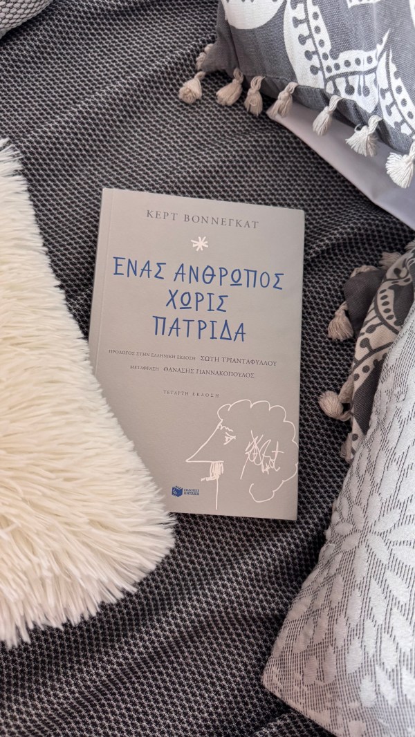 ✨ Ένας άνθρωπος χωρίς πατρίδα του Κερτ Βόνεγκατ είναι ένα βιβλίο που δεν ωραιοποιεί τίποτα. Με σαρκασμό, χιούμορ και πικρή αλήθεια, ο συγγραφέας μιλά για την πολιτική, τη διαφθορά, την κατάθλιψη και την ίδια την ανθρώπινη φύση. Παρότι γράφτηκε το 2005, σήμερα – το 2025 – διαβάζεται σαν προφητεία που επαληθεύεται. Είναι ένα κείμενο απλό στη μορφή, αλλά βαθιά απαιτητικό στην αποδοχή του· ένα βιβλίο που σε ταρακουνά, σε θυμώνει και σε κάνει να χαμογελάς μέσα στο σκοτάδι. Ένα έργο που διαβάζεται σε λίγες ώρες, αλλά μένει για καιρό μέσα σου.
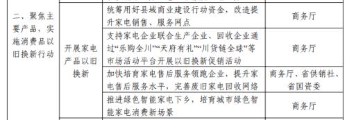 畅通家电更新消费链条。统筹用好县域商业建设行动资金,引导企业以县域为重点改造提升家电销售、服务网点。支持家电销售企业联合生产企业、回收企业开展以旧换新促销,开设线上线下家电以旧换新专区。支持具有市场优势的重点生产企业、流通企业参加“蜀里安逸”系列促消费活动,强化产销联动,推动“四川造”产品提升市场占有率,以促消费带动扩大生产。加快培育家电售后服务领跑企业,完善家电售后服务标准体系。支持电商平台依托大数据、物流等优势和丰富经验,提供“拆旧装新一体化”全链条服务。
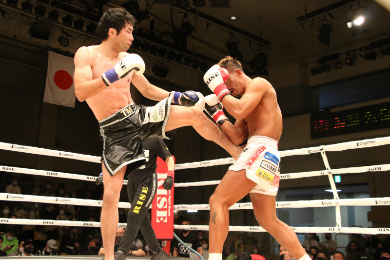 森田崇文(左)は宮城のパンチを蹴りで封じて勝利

........

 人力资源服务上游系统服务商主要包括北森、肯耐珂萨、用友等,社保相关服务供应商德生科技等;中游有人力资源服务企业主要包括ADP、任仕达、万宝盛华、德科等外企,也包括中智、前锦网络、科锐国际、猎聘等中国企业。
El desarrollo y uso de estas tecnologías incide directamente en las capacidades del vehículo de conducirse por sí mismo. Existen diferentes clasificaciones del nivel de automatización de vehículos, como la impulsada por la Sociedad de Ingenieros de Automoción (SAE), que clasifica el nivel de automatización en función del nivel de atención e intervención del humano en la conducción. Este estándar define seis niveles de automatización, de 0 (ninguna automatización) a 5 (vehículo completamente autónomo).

........

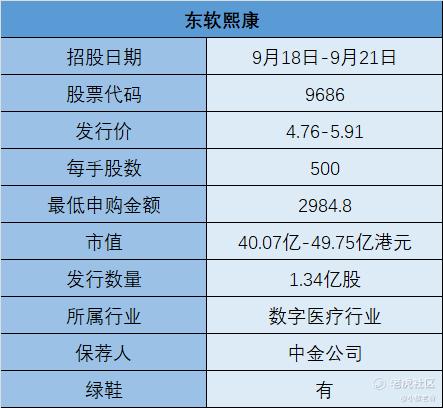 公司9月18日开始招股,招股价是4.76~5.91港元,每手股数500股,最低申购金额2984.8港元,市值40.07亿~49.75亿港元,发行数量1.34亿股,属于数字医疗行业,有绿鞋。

........

Set down, unchanged, only those lines above that fall between the line with "人力资源服务上游系统服务商主" and the line with "El desarrollo y", the two end lines included.

 人力资源服务上游系统服务商主要包括北森、肯耐珂萨、用友等,社保相关服务供应商德生科技等;中游有人力资源服务企业主要包括ADP、任仕达、万宝盛华、德科等外企,也包括中智、前锦网络、科锐国际、猎聘等中国企业。
El desarrollo y uso de estas tecnologías incide directamente en las capacidades del vehículo de conducirse por sí mismo. Existen diferentes clasificaciones del nivel de automatización de vehículos, como la impulsada por la Sociedad de Ingenieros de Automoción (SAE), que clasifica el nivel de automatización en función del nivel de atención e intervención del humano en la conducción. Este estándar define seis niveles de automatización, de 0 (ninguna automatización) a 5 (vehículo completamente autónomo).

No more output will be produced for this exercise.